What the task asks
Restate the data word for word and leave the images out.

Provided data

-------

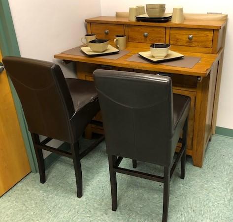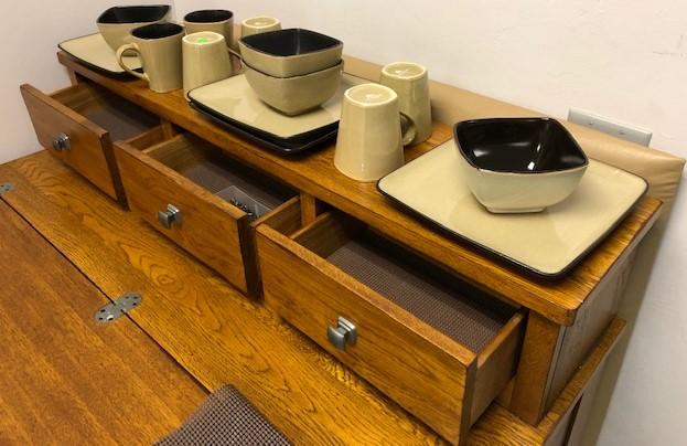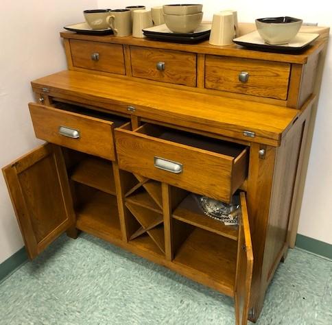 Oak Buffet w/ bonded leather counter stools & dinnerware
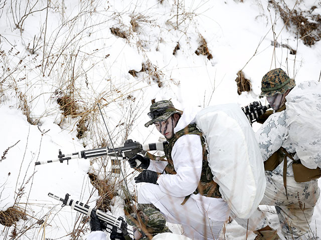 Американские и южнокорейские морпехи тренировались на морозе отражать возможные атаки КНДР
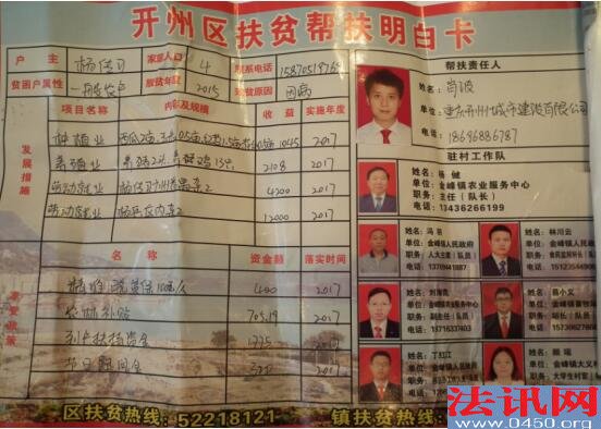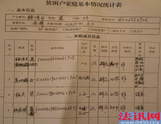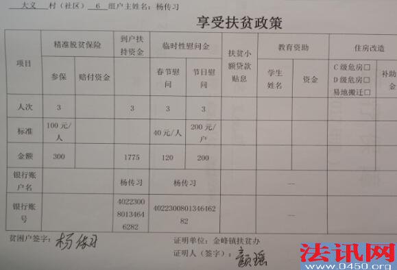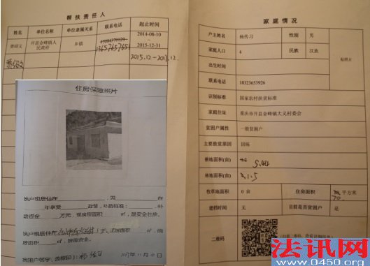 扶贫?重庆开州区金峰镇一贫困户住窝棚无人管! 撰稿人 李堂平 习近平总书记对扶贫工作极其重视,而脱贫攻坚是以习近平同志为核心的党中央作出的重大战略部署,是必须完成的政治任务。就在3月30日,习近平就主持召开今年两会后首次中共中央政治局会议,聚焦脱贫攻坚战。打好脱贫攻坚战是党的十九大提出的三大攻坚战之一,对如期全面建成小康社会、实现我们党第一个百年奋斗目标具有十分重要的意义。对扶贫工作,党中央要求五级书记抓扶贫,层层签订责任书、立下军令状。 但在重庆市开州区金峰镇大义村,如今还有一贫困户没有住所,只有自己搭建一简易棚居住,无水无电...... 心酸!贫困户搭棚而居 这棚,在大热天里能住人么?刮大风下大雨安全么? 17日上午,法讯君【ID:fzkxorg】驱车到达距离开州城区30多公里的大义村6组,在一公路边见到了建卡贫困户杨传习的住所:一不足5平方米的搭建棚。 棚边摆着一小铁锅状的,法讯君以为是熬药所用。杨传习说是他们做饭用的,旁边的塑料桶用于提水,他们吃水得去上面水塘。法讯君看到铁炉下放着一些木棒,水桶里的水不浑浊但颜色泛黄。 不足5平方米的“房间”里,左边摆放着一张1米长的凉床,这是夫妇二人所用。紧挨着床头就是一张条形桌,上面摆放着许多药和碗筷。另一张桌也紧挨着一张桌,就在门口的棚边,桌上放着锅、刀等以及一卷筒纸。桌下也有摆放着一水桶。这个家仅此而已,别说没有电视等电器,就连电都没有。 杨传习告诉法讯君,他们在这居住半月了,虽然就在电线杆下,但他去联系搭电,答复说不能供电。 粗心!建卡贫困户的材料很混乱 在编号为053杨传习的档案里,显示杨传习为2014年申请为贫困户,主要贫困原因是因病:吴地群患风湿病、腰椎盘突出。 杨传习妻子吴地群的特殊疾病医疗证。 她说他们家二人缴纳医保与别人家一样,每年280元,只有今年的医保他们才交每人100元,比非贫困户少交80元。 扶贫档案里显示家庭成员4人,住房面积70平方米(为水库管理房) 在杨传习的贫困档案里,显示其2015年脱贫,家庭成员四人:夫妻二人,儿子杨兵、杨家明。 但实际情况是现在还是建档贫困户,家庭只有夫妻二人:因为家贫无法娶媳妇,儿子杨兵便成为别人家的上门女婿,于2016年迁走户口;至于什么杨家明则没有这个人,只有一个1986年出生的女儿叫杨家燕,在重庆上中专时就迁走户口了,此后一直没有迁回。 但在2017年11月14日填报的《享受扶贫政策》里他的人次为3人 显示2015年脱贫,(这里家庭人口又为4人)虽还在帮扶,但实际上现在依旧一贫如洗哦 其实除了吴地群一直患病,2012年杨传习在开县青少宫处骑车摔倒致颈椎受伤,又花去医药费3万余元,至今钢针都还不能去除,行动不便。 二人靠承包水库养鱼为主要收入,也种些庄稼。这样勉强维持生活。 无奈!承包水库2019年到期,却被撵出管理房 杨传习从2001年开始承包该村的大吉水库用于养殖业,主要养鸭和养鱼。2009年续签承包期后由于政策调整,规定其只能淡水养鱼,不能污染水源。于2017年2月2日到期后又约定延期到2019年3月。 2006年,他花了2万余元在水库边修建了5间房屋,又修建了厕所和猪圈,同时花费5000元申请了供电(买了2根电杆)。占用的是村民土地,每年补偿其240元;之后为方便,他又投资修建从公路到水库的一段公路,每年补偿270元。 这些房屋在2012年因为水库修堤坝被拆除,杨传习没有得到任何补偿。他便在水库边搭棚而居(当时水库补助了杨传习5千元),2014年他搬进了新修建的水库管理房居住。 开县扶贫宣传册有该水库,右侧为管理房,红圈处的棚为杨传习搭建,在这居住2年。 杨传习原有一楼一底8间住房,不包括厨房和猪圈。2011年他办理了复垦,原有176平方米房屋被拆除,他领取了7万余元。当年吴地群患子宫肌瘤和腰椎盘突出,不但用光了这笔钱,还倒欠债6万余元。 2018年3月26日,大吉水库管理中心和杨传习签订协议,确定双方承包合同终止,库中未打捞的鱼由杨传习在2019年3月1前打捞完毕。水库方一次性补偿杨传习未捕捞鱼等所有损失4万元。 该协议第二条约定:“乙方杨传习必须在2018年3月26日前搬出大吉水库管理房,在此期间由乙方杨传习负责水库水质、取水设施安全,期间不允许以任何方式投喂、养鱼。”对此,杨传习称被骗了,当时对方给他打印好的协议是“二0一九年三月一日前搬出大吉水库管理房......大吉水库管理房在二0一九年三月一日交付甲方。” 签订协议后,村支书和水库法人杨文明就拿走了管理房的钥匙,将其撵出。没有住房的杨传习夫妇无奈于第二天在原住房处的公路边搭建了一简易棚居住。 不解!建卡贫苦户得罪村支书后就无法享受政策 对杨传习的情况,有关部门知道情况不?杨传习说帮扶干部知道后来了二次,也向村里反映,村里答复说他是复垦户,不能享受住房。同时还说他不该得罪村支书,解决不了。 原本与村支书要好的杨传习与村支书交恶就源于这个协议。 在杨家不知情的的情况下,杨传习获得这个村委房屋卖与程文明的协议(当时杨父还居住在该房),杨找到村委后才未得逞。 这种扶贫房在大义村修建的很多,基本上是村支书妹夫承包,右边红圈处是正在修建的扶贫房。但这些,均与杨传习无缘...... 4月9日,领到4万元补偿款的杨传习来到金峰镇农商行,用再次向亲友借的4.5万元还清了以其他多位亲友名义借贷的8.8万元贷

-------

Finished exercise
 Oak Buffet w/ bonded leather counter stools & dinnerware
 Американские и южнокорейские морпехи тренировались на морозе отражать возможные атаки КНДР
 扶贫?重庆开州区金峰镇一贫困户住窝棚无人管! 撰稿人 李堂平 习近平总书记对扶贫工作极其重视,而脱贫攻坚是以习近平同志为核心的党中央作出的重大战略部署,是必须完成的政治任务。就在3月30日,习近平就主持召开今年两会后首次中共中央政治局会议,聚焦脱贫攻坚战。打好脱贫攻坚战是党的十九大提出的三大攻坚战之一,对如期全面建成小康社会、实现我们党第一个百年奋斗目标具有十分重要的意义。对扶贫工作,党中央要求五级书记抓扶贫,层层签订责任书、立下军令状。 但在重庆市开州区金峰镇大义村,如今还有一贫困户没有住所,只有自己搭建一简易棚居住,无水无电...... 心酸!贫困户搭棚而居 这棚,在大热天里能住人么?刮大风下大雨安全么? 17日上午,法讯君【ID:fzkxorg】驱车到达距离开州城区30多公里的大义村6组,在一公路边见到了建卡贫困户杨传习的住所:一不足5平方米的搭建棚。 棚边摆着一小铁锅状的,法讯君以为是熬药所用。杨传习说是他们做饭用的,旁边的塑料桶用于提水,他们吃水得去上面水塘。法讯君看到铁炉下放着一些木棒,水桶里的水不浑浊但颜色泛黄。 不足5平方米的“房间”里,左边摆放着一张1米长的凉床,这是夫妇二人所用。紧挨着床头就是一张条形桌,上面摆放着许多药和碗筷。另一张桌也紧挨着一张桌,就在门口的棚边,桌上放着锅、刀等以及一卷筒纸。桌下也有摆放着一水桶。这个家仅此而已,别说没有电视等电器,就连电都没有。 杨传习告诉法讯君,他们在这居住半月了,虽然就在电线杆下,但他去联系搭电,答复说不能供电。 粗心!建卡贫困户的材料很混乱 在编号为053杨传习的档案里,显示杨传习为2014年申请为贫困户,主要贫困原因是因病:吴地群患风湿病、腰椎盘突出。 杨传习妻子吴地群的特殊疾病医疗证。 她说他们家二人缴纳医保与别人家一样,每年280元,只有今年的医保他们才交每人100元,比非贫困户少交80元。 扶贫档案里显示家庭成员4人,住房面积70平方米(为水库管理房) 在杨传习的贫困档案里,显示其2015年脱贫,家庭成员四人:夫妻二人,儿子杨兵、杨家明。 但实际情况是现在还是建档贫困户,家庭只有夫妻二人:因为家贫无法娶媳妇,儿子杨兵便成为别人家的上门女婿,于2016年迁走户口;至于什么杨家明则没有这个人,只有一个1986年出生的女儿叫杨家燕,在重庆上中专时就迁走户口了,此后一直没有迁回。 但在2017年11月14日填报的《享受扶贫政策》里他的人次为3人 显示2015年脱贫,(这里家庭人口又为4人)虽还在帮扶,但实际上现在依旧一贫如洗哦 其实除了吴地群一直患病,2012年杨传习在开县青少宫处骑车摔倒致颈椎受伤,又花去医药费3万余元,至今钢针都还不能去除,行动不便。 二人靠承包水库养鱼为主要收入,也种些庄稼。这样勉强维持生活。 无奈!承包水库2019年到期,却被撵出管理房 杨传习从2001年开始承包该村的大吉水库用于养殖业,主要养鸭和养鱼。2009年续签承包期后由于政策调整,规定其只能淡水养鱼,不能污染水源。于2017年2月2日到期后又约定延期到2019年3月。 2006年,他花了2万余元在水库边修建了5间房屋,又修建了厕所和猪圈,同时花费5000元申请了供电(买了2根电杆)。占用的是村民土地,每年补偿其240元;之后为方便,他又投资修建从公路到水库的一段公路,每年补偿270元。 这些房屋在2012年因为水库修堤坝被拆除,杨传习没有得到任何补偿。他便在水库边搭棚而居(当时水库补助了杨传习5千元),2014年他搬进了新修建的水库管理房居住。 开县扶贫宣传册有该水库,右侧为管理房,红圈处的棚为杨传习搭建,在这居住2年。 杨传习原有一楼一底8间住房,不包括厨房和猪圈。2011年他办理了复垦,原有176平方米房屋被拆除,他领取了7万余元。当年吴地群患子宫肌瘤和腰椎盘突出,不但用光了这笔钱,还倒欠债6万余元。 2018年3月26日,大吉水库管理中心和杨传习签订协议,确定双方承包合同终止,库中未打捞的鱼由杨传习在2019年3月1前打捞完毕。水库方一次性补偿杨传习未捕捞鱼等所有损失4万元。 该协议第二条约定:“乙方杨传习必须在2018年3月26日前搬出大吉水库管理房,在此期间由乙方杨传习负责水库水质、取水设施安全,期间不允许以任何方式投喂、养鱼。”对此,杨传习称被骗了,当时对方给他打印好的协议是“二0一九年三月一日前搬出大吉水库管理房......大吉水库管理房在二0一九年三月一日交付甲方。” 签订协议后,村支书和水库法人杨文明就拿走了管理房的钥匙,将其撵出。没有住房的杨传习夫妇无奈于第二天在原住房处的公路边搭建了一简易棚居住。 不解!建卡贫苦户得罪村支书后就无法享受政策 对杨传习的情况,有关部门知道情况不?杨传习说帮扶干部知道后来了二次,也向村里反映,村里答复说他是复垦户,不能享受住房。同时还说他不该得罪村支书,解决不了。 原本与村支书要好的杨传习与村支书交恶就源于这个协议。 在杨家不知情的的情况下,杨传习获得这个村委房屋卖与程文明的协议(当时杨父还居住在该房),杨找到村委后才未得逞。 这种扶贫房在大义村修建的很多,基本上是村支书妹夫承包,右边红圈处是正在修建的扶贫房。但这些,均与杨传习无缘...... 4月9日,领到4万元补偿款的杨传习来到金峰镇农商行,用再次向亲友借的4.5万元还清了以其他多位亲友名义借贷的8.8万元贷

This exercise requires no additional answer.